• _The problem_: From the line with "Kuželové závěsné svítidlo" to the line with "新成人を代表して、宮﨑晃太郎", output every line below exactly, both ends included. Skip the pictures.
── Record set ──
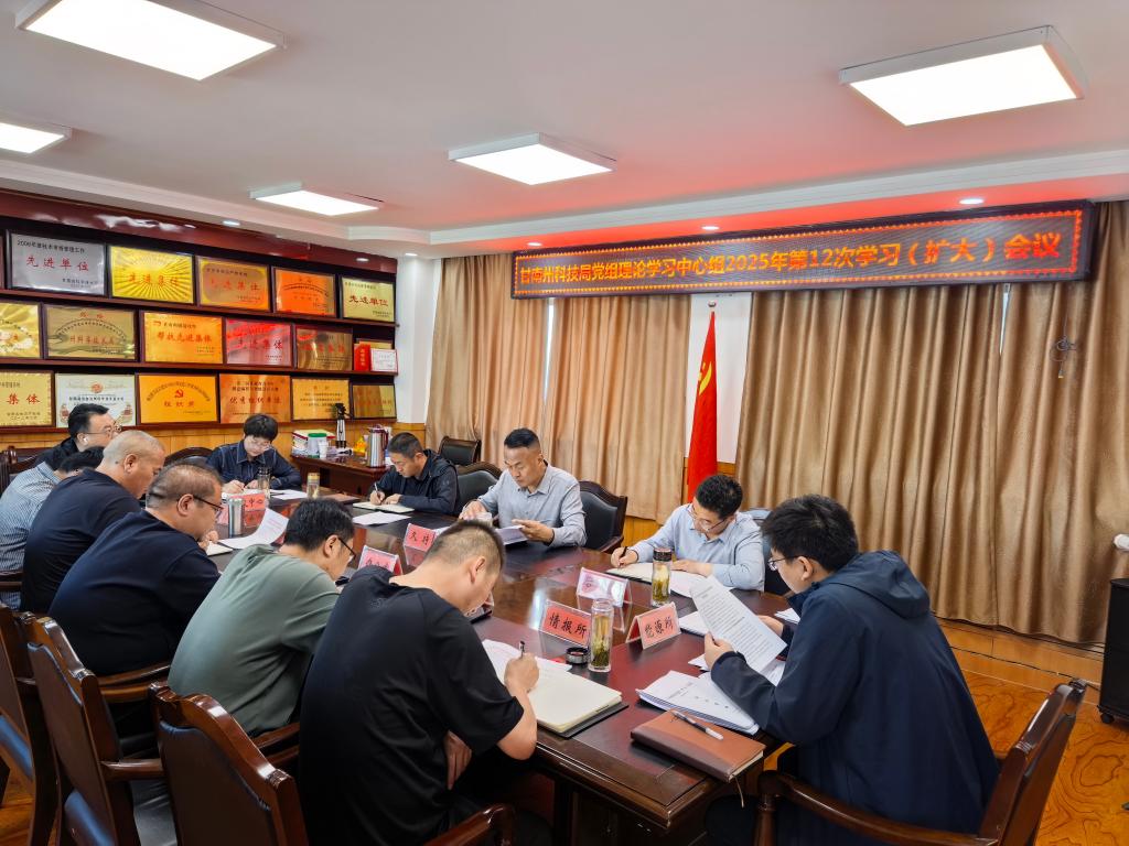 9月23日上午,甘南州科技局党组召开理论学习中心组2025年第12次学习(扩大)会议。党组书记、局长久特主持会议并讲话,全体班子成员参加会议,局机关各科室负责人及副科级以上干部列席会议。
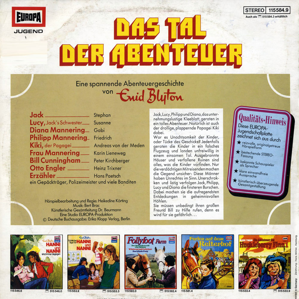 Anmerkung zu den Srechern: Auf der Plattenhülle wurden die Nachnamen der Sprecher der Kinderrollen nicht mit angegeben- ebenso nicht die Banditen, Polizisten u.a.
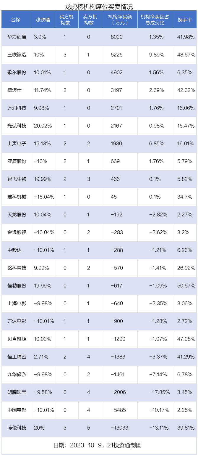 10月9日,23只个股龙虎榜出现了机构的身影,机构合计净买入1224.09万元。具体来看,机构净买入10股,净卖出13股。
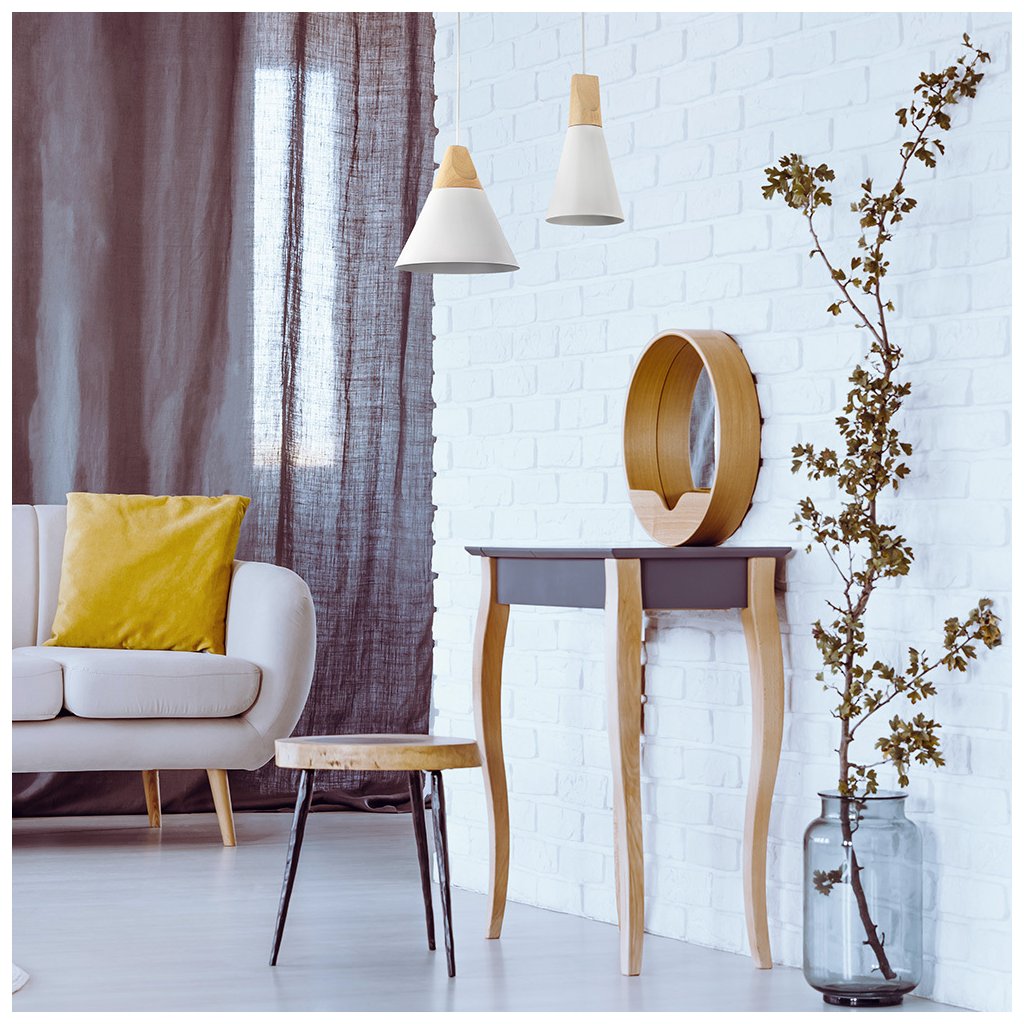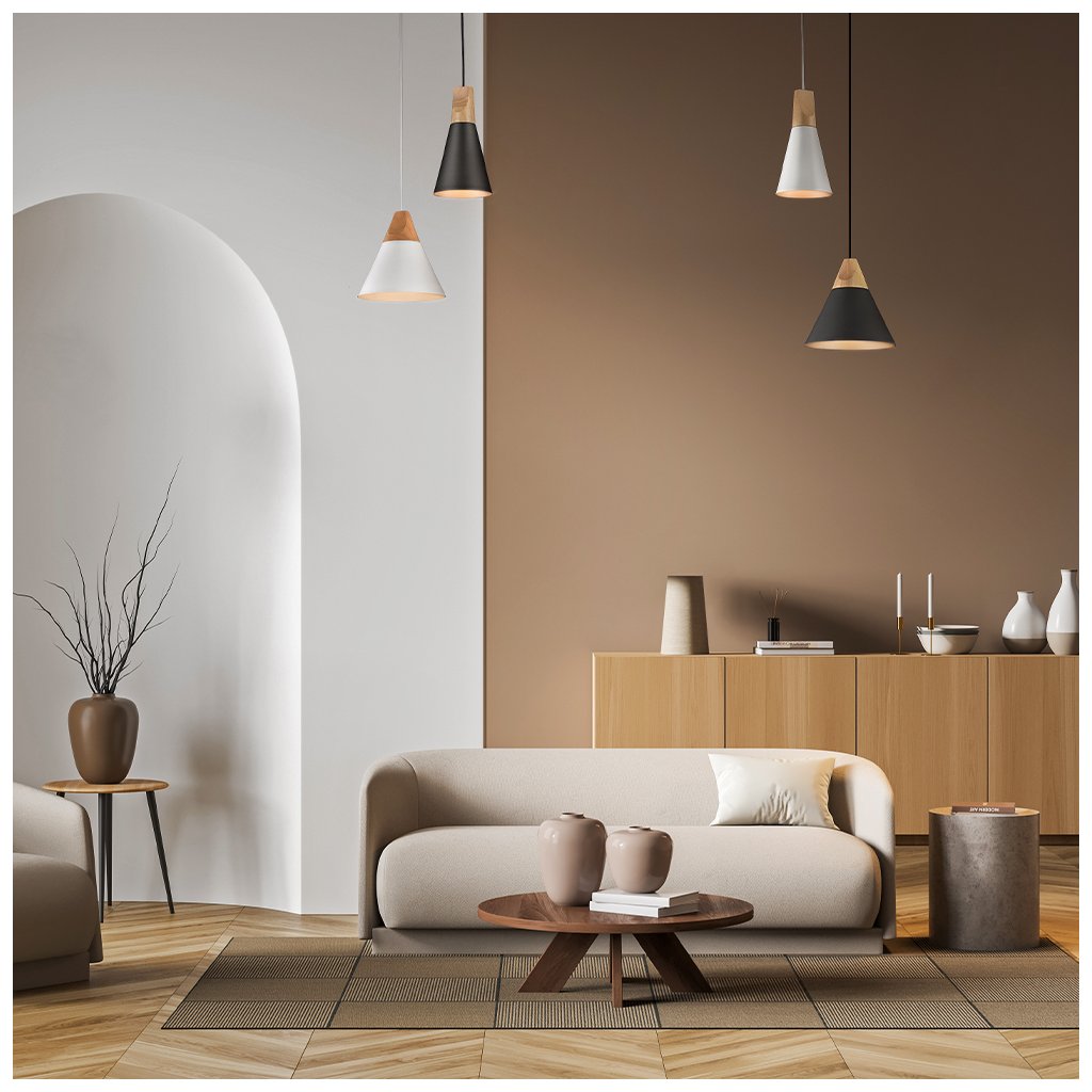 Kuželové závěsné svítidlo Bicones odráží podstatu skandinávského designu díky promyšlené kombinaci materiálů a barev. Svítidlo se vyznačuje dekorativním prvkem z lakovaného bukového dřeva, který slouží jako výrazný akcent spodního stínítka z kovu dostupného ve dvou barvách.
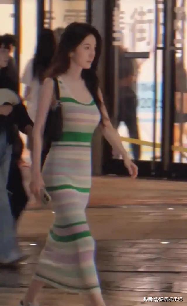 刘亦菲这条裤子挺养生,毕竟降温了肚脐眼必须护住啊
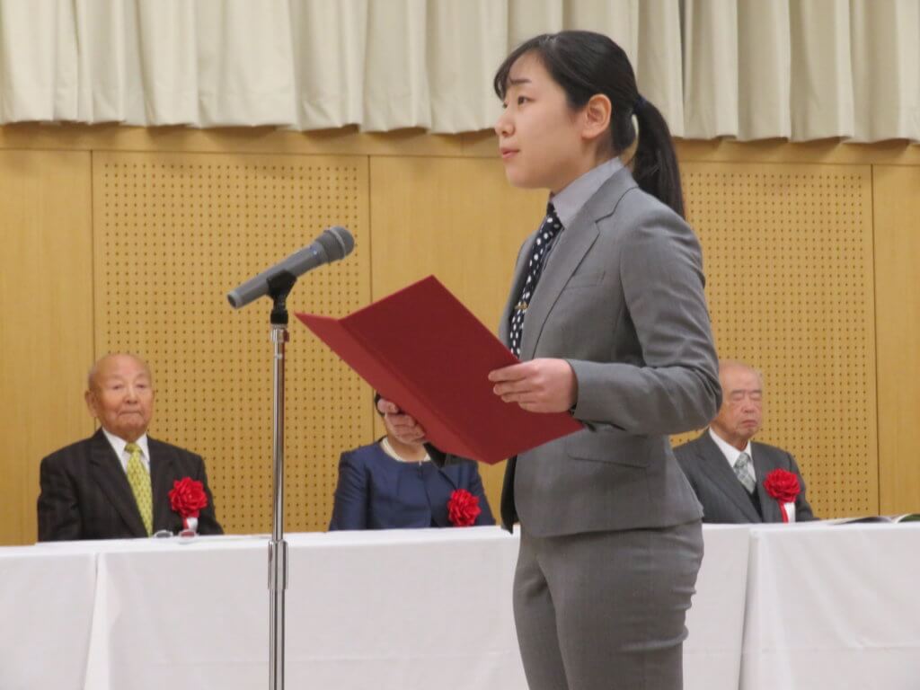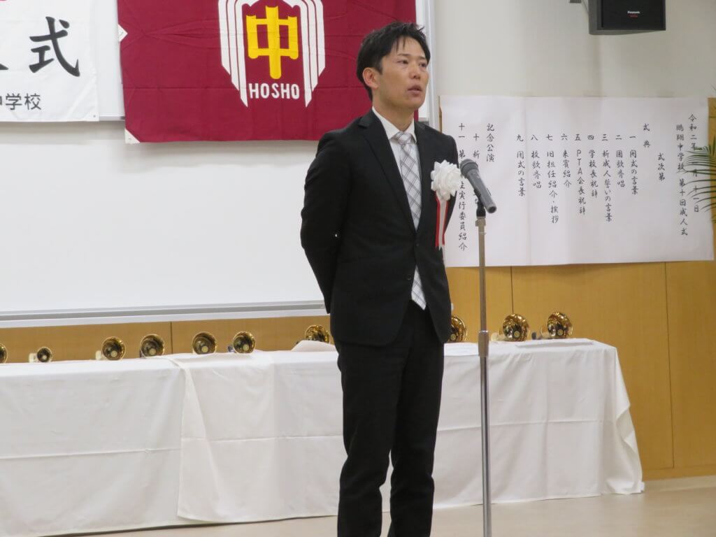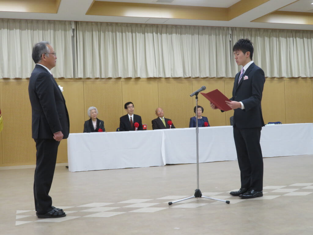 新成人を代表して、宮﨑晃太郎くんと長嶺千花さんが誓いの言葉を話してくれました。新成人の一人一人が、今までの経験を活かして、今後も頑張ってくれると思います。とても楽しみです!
───
── Record set ──
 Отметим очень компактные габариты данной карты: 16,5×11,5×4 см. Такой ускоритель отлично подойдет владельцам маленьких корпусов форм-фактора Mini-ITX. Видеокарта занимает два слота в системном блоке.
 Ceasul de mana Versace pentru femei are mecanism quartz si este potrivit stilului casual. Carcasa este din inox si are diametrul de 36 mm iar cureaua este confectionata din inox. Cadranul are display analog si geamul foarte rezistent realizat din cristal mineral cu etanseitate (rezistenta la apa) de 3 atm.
───
• _Answer to this task_:
 Kuželové závěsné svítidlo Bicones odráží podstatu skandinávského designu díky promyšlené kombinaci materiálů a barev. Svítidlo se vyznačuje dekorativním prvkem z lakovaného bukového dřeva, který slouží jako výrazný akcent spodního stínítka z kovu dostupného ve dvou barvách.
 刘亦菲这条裤子挺养生,毕竟降温了肚脐眼必须护住啊
 新成人を代表して、宮﨑晃太郎くんと長嶺千花さんが誓いの言葉を話してくれました。新成人の一人一人が、今までの経験を活かして、今後も頑張ってくれると思います。とても楽しみです!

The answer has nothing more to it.